» **Your task**: Quote all entries in full, exactly.

» **Information supplied**:
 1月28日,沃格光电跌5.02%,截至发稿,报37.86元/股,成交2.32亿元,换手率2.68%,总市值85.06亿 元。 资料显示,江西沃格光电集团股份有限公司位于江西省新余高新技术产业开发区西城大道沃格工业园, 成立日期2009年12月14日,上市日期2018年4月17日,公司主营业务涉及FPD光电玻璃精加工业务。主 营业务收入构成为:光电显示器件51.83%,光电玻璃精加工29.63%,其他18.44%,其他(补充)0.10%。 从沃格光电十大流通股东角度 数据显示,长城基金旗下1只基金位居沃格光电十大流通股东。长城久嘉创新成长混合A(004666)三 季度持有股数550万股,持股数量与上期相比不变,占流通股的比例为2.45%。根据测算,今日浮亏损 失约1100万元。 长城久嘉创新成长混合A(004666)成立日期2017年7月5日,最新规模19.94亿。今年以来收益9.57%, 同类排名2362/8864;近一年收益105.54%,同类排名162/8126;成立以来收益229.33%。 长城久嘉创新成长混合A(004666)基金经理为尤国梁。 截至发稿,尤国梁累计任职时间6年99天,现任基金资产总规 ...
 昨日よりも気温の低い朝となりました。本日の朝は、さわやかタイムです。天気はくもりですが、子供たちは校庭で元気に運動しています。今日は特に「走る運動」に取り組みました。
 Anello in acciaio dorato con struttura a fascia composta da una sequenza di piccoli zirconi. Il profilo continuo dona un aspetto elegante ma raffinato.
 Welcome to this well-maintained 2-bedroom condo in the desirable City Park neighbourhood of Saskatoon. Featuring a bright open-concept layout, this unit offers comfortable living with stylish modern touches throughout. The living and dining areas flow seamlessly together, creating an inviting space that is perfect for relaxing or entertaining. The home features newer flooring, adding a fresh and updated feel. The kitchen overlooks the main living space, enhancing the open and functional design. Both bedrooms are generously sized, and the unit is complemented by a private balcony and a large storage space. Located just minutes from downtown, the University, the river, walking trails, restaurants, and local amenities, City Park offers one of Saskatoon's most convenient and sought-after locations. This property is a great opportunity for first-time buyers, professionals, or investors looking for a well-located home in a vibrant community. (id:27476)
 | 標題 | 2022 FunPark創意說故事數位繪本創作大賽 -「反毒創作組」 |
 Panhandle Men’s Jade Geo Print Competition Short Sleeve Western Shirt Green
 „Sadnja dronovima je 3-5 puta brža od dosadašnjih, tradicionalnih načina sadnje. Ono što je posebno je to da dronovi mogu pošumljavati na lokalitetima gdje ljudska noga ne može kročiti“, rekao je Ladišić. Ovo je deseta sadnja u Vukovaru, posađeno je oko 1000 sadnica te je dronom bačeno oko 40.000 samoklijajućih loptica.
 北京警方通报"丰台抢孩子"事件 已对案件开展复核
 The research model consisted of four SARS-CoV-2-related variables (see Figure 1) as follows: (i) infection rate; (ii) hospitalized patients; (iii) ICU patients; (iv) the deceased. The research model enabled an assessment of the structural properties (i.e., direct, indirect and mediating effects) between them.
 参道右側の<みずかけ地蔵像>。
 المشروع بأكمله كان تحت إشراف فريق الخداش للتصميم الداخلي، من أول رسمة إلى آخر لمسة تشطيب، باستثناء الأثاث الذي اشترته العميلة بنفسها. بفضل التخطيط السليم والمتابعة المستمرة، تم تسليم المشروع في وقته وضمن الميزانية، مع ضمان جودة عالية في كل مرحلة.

» **Response**:
 1月28日,沃格光电跌5.02%,截至发稿,报37.86元/股,成交2.32亿元,换手率2.68%,总市值85.06亿 元。 资料显示,江西沃格光电集团股份有限公司位于江西省新余高新技术产业开发区西城大道沃格工业园, 成立日期2009年12月14日,上市日期2018年4月17日,公司主营业务涉及FPD光电玻璃精加工业务。主 营业务收入构成为:光电显示器件51.83%,光电玻璃精加工29.63%,其他18.44%,其他(补充)0.10%。 从沃格光电十大流通股东角度 数据显示,长城基金旗下1只基金位居沃格光电十大流通股东。长城久嘉创新成长混合A(004666)三 季度持有股数550万股,持股数量与上期相比不变,占流通股的比例为2.45%。根据测算,今日浮亏损 失约1100万元。 长城久嘉创新成长混合A(004666)成立日期2017年7月5日,最新规模19.94亿。今年以来收益9.57%, 同类排名2362/8864;近一年收益105.54%,同类排名162/8126;成立以来收益229.33%。 长城久嘉创新成长混合A(004666)基金经理为尤国梁。 截至发稿,尤国梁累计任职时间6年99天,现任基金资产总规 ...
 昨日よりも気温の低い朝となりました。本日の朝は、さわやかタイムです。天気はくもりですが、子供たちは校庭で元気に運動しています。今日は特に「走る運動」に取り組みました。
 Anello in acciaio dorato con struttura a fascia composta da una sequenza di piccoli zirconi. Il profilo continuo dona un aspetto elegante ma raffinato.
 Welcome to this well-maintained 2-bedroom condo in the desirable City Park neighbourhood of Saskatoon. Featuring a bright open-concept layout, this unit offers comfortable living with stylish modern touches throughout. The living and dining areas flow seamlessly together, creating an inviting space that is perfect for relaxing or entertaining. The home features newer flooring, adding a fresh and updated feel. The kitchen overlooks the main living space, enhancing the open and functional design. Both bedrooms are generously sized, and the unit is complemented by a private balcony and a large storage space. Located just minutes from downtown, the University, the river, walking trails, restaurants, and local amenities, City Park offers one of Saskatoon's most convenient and sought-after locations. This property is a great opportunity for first-time buyers, professionals, or investors looking for a well-located home in a vibrant community. (id:27476)
 | 標題 | 2022 FunPark創意說故事數位繪本創作大賽 -「反毒創作組」 |
 Panhandle Men’s Jade Geo Print Competition Short Sleeve Western Shirt Green
 „Sadnja dronovima je 3-5 puta brža od dosadašnjih, tradicionalnih načina sadnje. Ono što je posebno je to da dronovi mogu pošumljavati na lokalitetima gdje ljudska noga ne može kročiti“, rekao je Ladišić. Ovo je deseta sadnja u Vukovaru, posađeno je oko 1000 sadnica te je dronom bačeno oko 40.000 samoklijajućih loptica.
 北京警方通报"丰台抢孩子"事件 已对案件开展复核
 The research model consisted of four SARS-CoV-2-related variables (see Figure 1) as follows: (i) infection rate; (ii) hospitalized patients; (iii) ICU patients; (iv) the deceased. The research model enabled an assessment of the structural properties (i.e., direct, indirect and mediating effects) between them.
 参道右側の<みずかけ地蔵像>。
 المشروع بأكمله كان تحت إشراف فريق الخداش للتصميم الداخلي، من أول رسمة إلى آخر لمسة تشطيب، باستثناء الأثاث الذي اشترته العميلة بنفسها. بفضل التخطيط السليم والمتابعة المستمرة، تم تسليم المشروع في وقته وضمن الميزانية، مع ضمان جودة عالية في كل مرحلة.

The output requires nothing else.